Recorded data

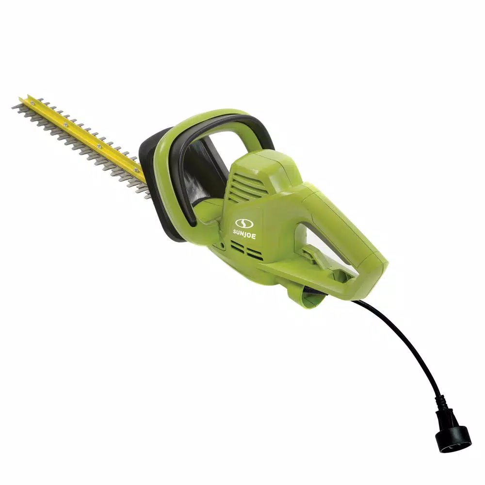 Introducing the Sun Joe HJ22HTE 22 in. Electric Hedge Trimmer. Sun Joe’s potent 3.5 Amp motor and dual-action 22 in. stainless steel blades provide the power and precision you demand to tackle your toughest shrubbing tasks. Lightweight, sleek, ergonomic and easy to maneuver at just 5 lbs. It will quickly become your go-to tool to cut quickly and cleanly through thick hedges and shrubs. Eco-friendly and electric, there’s never a need to mess with gas or oil – or worry about maintenance, tune-ups or toxic emissions. And, Sun Joe’s built-in dual-handed safety switch eliminates dangerous accidental starts for enhanced user safety.
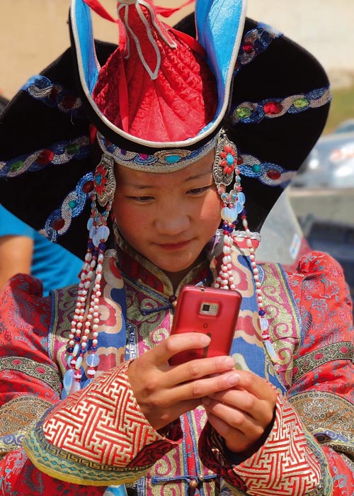 Gerade die jungen Mongolen zieht es weg von Kamelen, Pferden und Jurte-Hütten. Sie wollen in die Stadt, teilhaben am modernen Leben Ulaanbaatars – um jeden Preis auch dem der bisherigen unbezahlbaren grenzenlosen Freiheit. Die prächtige Nationaltracht, die schon die Kleinen tragen, der knöchellange Mantel „Deel“ mit aufknöpfbarem Brustlatz, Stehkragen und einem eng um die Taille gewickelten Stoffgürtel, wird eingetauscht gegen lässige Jeans und Baseball-Cap, Made in China, dem eigentlichen „Erzfeind“. Nur an besonderen Feiertagen wird voll Stolz der Deel aus dem Schrank geholt und die reich mit Ornamenten verzierten „Gutul“, die ledernen Reiterstiefel, angezogen. Mit dem Schlafen unter dem freien Himmel ist auch Schluss. Stattdessen funkeln nächtens die Discolichter und die Gesichter wirken im kalten Licht der Smartphones noch fremder. Viele studieren hier und „büffeln“ für ein besseres Leben, weit weg von ihren Eltern, die sie nur in den Ferien besuchen können. Andere machen „auf Business“. Die Mongolen besitzen riesige Kupfer-, Kohle- und Goldvorräte. Das ist Fluch und Segen zugleich wie bei der Oyu-Tolgoi-Mine zu beobachten, die als eine der größten Kupfer- und Gold-Förderstellen der Welt das Land in die Abhängigkeit des Nachbarn China und der Rohstoffbörsen in aller Welt zieht. Das Steppenland, das so reich wie Dubai sein könnte, verfügt über 2,1 Billionen US-Dollar an Rohstoffen. (Q.Welt.de, Stand 2014) Rechnerisch wäre, legt man die Boomjahre 2010-2014 zugrunde, jeder Mongole ein Fast-Millionär – rein theoretisch.
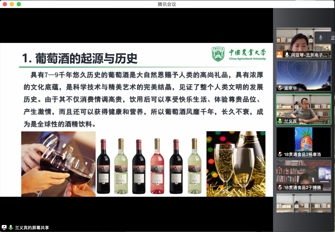 先锋大讲堂第三讲以18级贯通食品专业课程《食品感官评价》为基础,以“葡萄酒历史、葡萄酒文化、葡萄酒鉴赏”为主题,特邀中国农业大学教师、硕士生导师兰义宾博士做了“葡萄酒历史和品鉴”的主题报告,18级贯通食品班和部分专任教师聆听了此次报告。
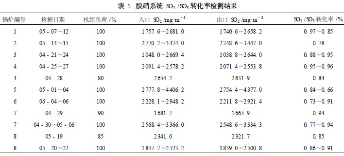 在不同工況和燃用不同煤種的情況下,檢測脫硝系統(tǒng)進、出口SO2 濃度,再以此計算出SO2 /SO3 轉化率, 1~8號爐脫硝系統(tǒng)檢測結果見表1。
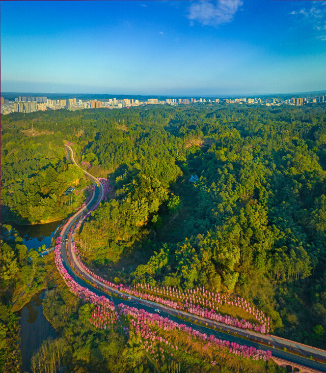 乐山城市“绿肺”——绿心公园迎着晨光释放春日气息。乐山绿心公园管理处供图
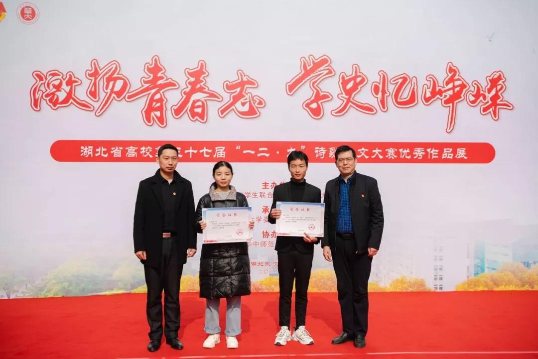 随后,湖北省学生联合会驻会执行主席毕晨宣读了《湖北省高校第三十七届“一二·九”诗歌散文大赛获奖名单》,与会领导依次上台为获奖代表颁奖,激励当代青年学子唱响时代的主旋律。
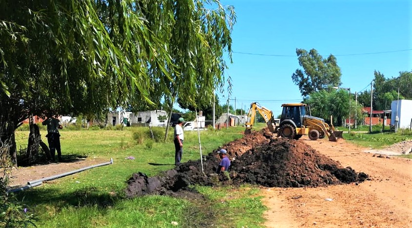 Personal de Obras Sanitarias está trabajando en la ampliación de la red de agua sobre calle Falucho, entre San Juan y Catamarca.
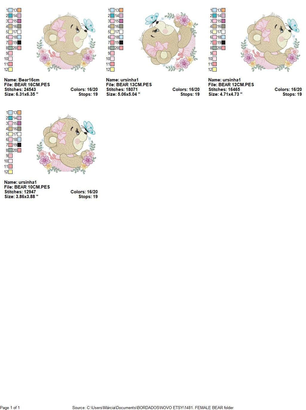Female Bear embroidery designs - Baby girl embroidery design machine embroidery pattern - Bear with butterfly embroidery file - digital file
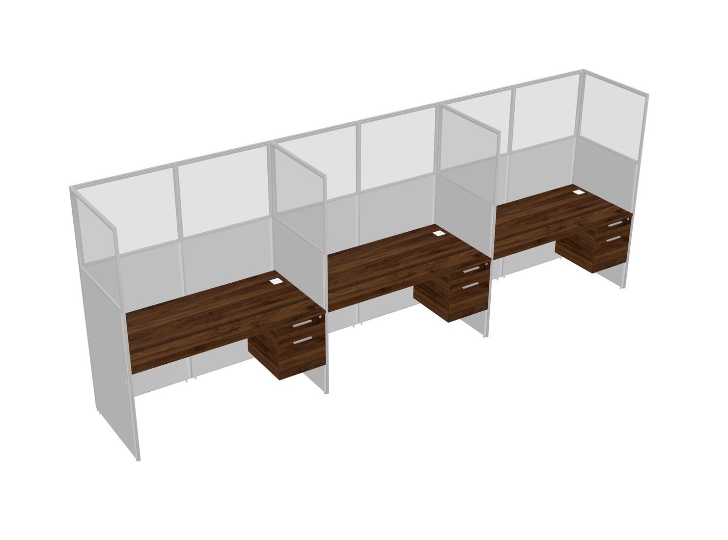 Columbia Walnut Shared Rectangular Office Cubicle Panel System With Hanging Drawers For 3 Persons
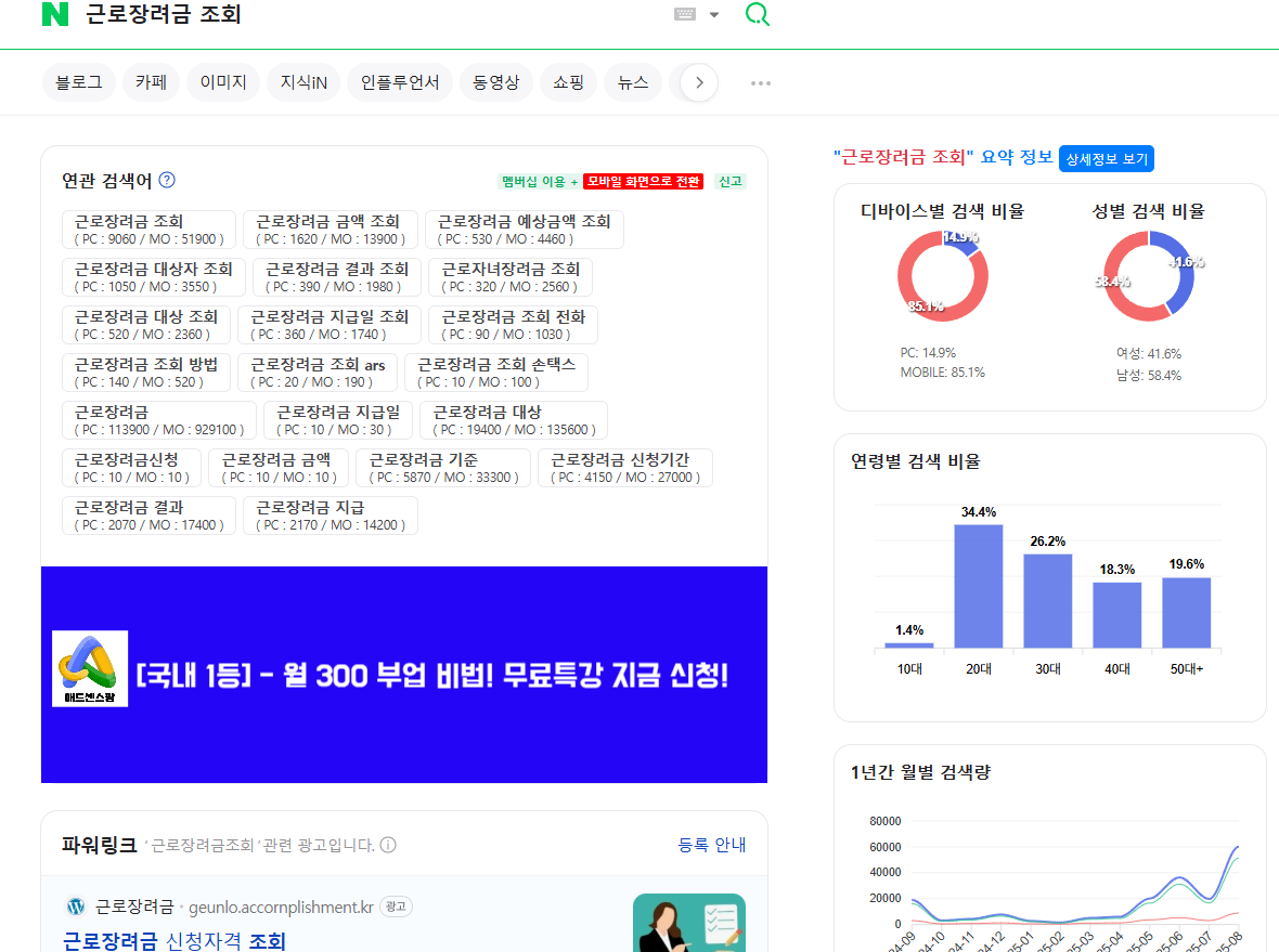 최근 네이버 데이터랩에 따르면 ‘근로장려금 조회’ 관련 키워드는 모바일 기준 85.1%의 높은 검색 비중을 보이며, 20~30대 사용자 비율이 60% 이상입니다.
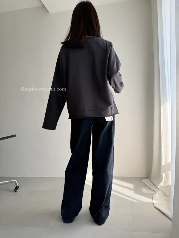 韓 側斜三角剪接落地寬褲 (淺藍/灰藍) S~XL
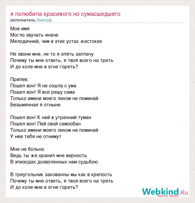 Мое имя Могло звучать иначе Мелодичней, чем в этих устах жестоких Не звони мне, не то я опять заплачу Почему ты мне ответь, я твоя всего на треть И до коле мне в огне гореть? Припев: Пошел вон! Я не сошла с ума Пошел вон! Я все решу сама Только имени моего лихом не поминай Безымянная я отныне Пошел вон! К ней в утренний туман Пошел вон! Пей свой самообан Только имени моего лихом не поминай У нее тебя не отнимут Мне не больно Ведь ты же хранил мне верность В эпизодах дозволенных нам судьбою В треугольник закованны мы как в крепость Почему ты мне ответь, я твоя всего на треть И до коле мне в огне гореть?
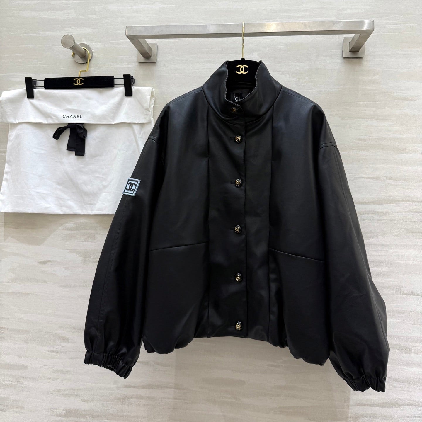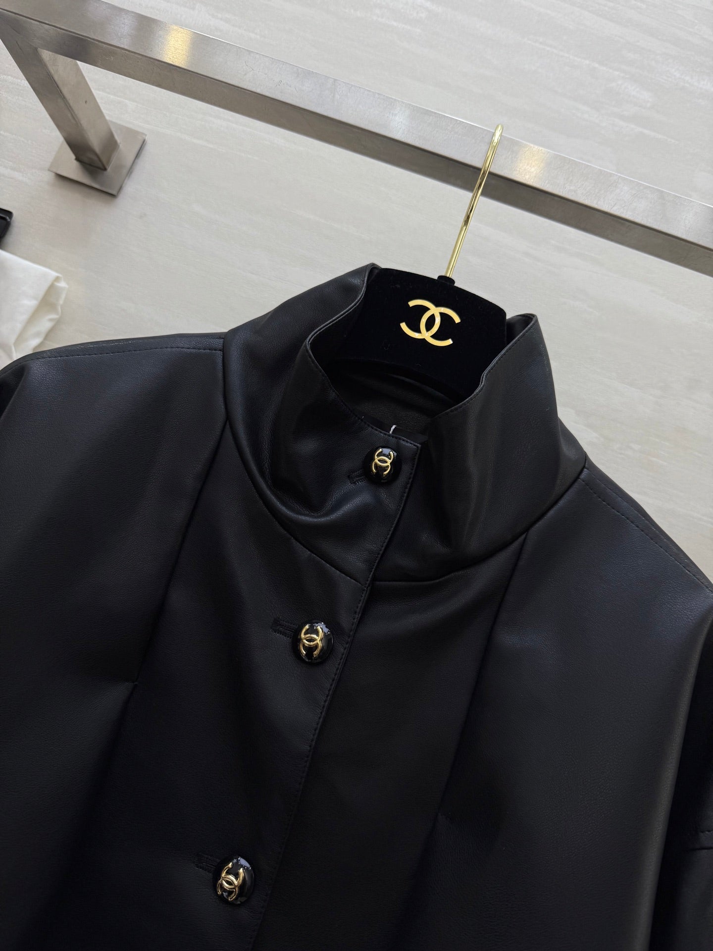 CHANEL 25S STAND-COLLAR LEATHER JACKET 291
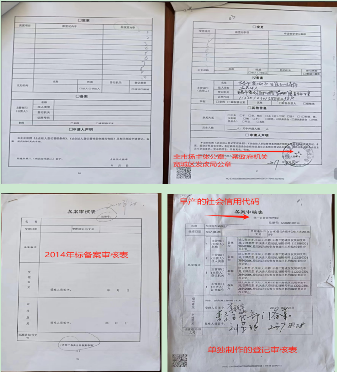 ——伪造材料,篡改集体企业性质。宽城区发改局跨区越权接管绿园区企业,伪造职工签名、副局长纪勇非法挂失企业公章后再行私刻公章,虚构法定代表人刘影,非法代替市场主体提出申请。吉林省市场监管厅审批办违法将集体所有制企业登记为 “政府机关100% 出资”,为掠夺资产铺路。
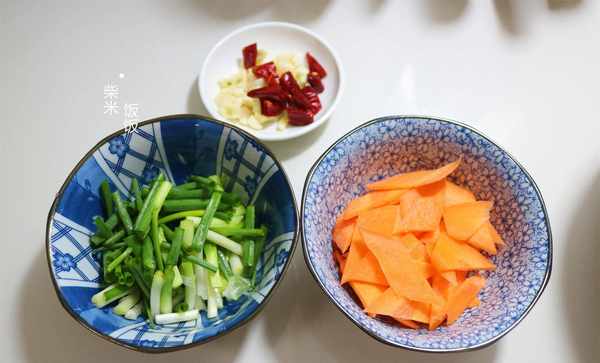 2,胡萝卜切成菱形片。香葱洗净,切段。大蒜切末,干辣椒切段。

▶ **EXERCISE**
Your answer must be the lines from the one holding "韓 側斜三角剪接落地寬褲 (淺藍/灰藍) S~XL" through the final line of the records above, exactly as written and without any pictures.

▶ **ANSWER BOX**
 韓 側斜三角剪接落地寬褲 (淺藍/灰藍) S~XL
 Мое имя Могло звучать иначе Мелодичней, чем в этих устах жестоких Не звони мне, не то я опять заплачу Почему ты мне ответь, я твоя всего на треть И до коле мне в огне гореть? Припев: Пошел вон! Я не сошла с ума Пошел вон! Я все решу сама Только имени моего лихом не поминай Безымянная я отныне Пошел вон! К ней в утренний туман Пошел вон! Пей свой самообан Только имени моего лихом не поминай У нее тебя не отнимут Мне не больно Ведь ты же хранил мне верность В эпизодах дозволенных нам судьбою В треугольник закованны мы как в крепость Почему ты мне ответь, я твоя всего на треть И до коле мне в огне гореть?
 CHANEL 25S STAND-COLLAR LEATHER JACKET 291
 ——伪造材料,篡改集体企业性质。宽城区发改局跨区越权接管绿园区企业,伪造职工签名、副局长纪勇非法挂失企业公章后再行私刻公章,虚构法定代表人刘影,非法代替市场主体提出申请。吉林省市场监管厅审批办违法将集体所有制企业登记为 “政府机关100% 出资”,为掠夺资产铺路。
 2,胡萝卜切成菱形片。香葱洗净,切段。大蒜切末,干辣椒切段。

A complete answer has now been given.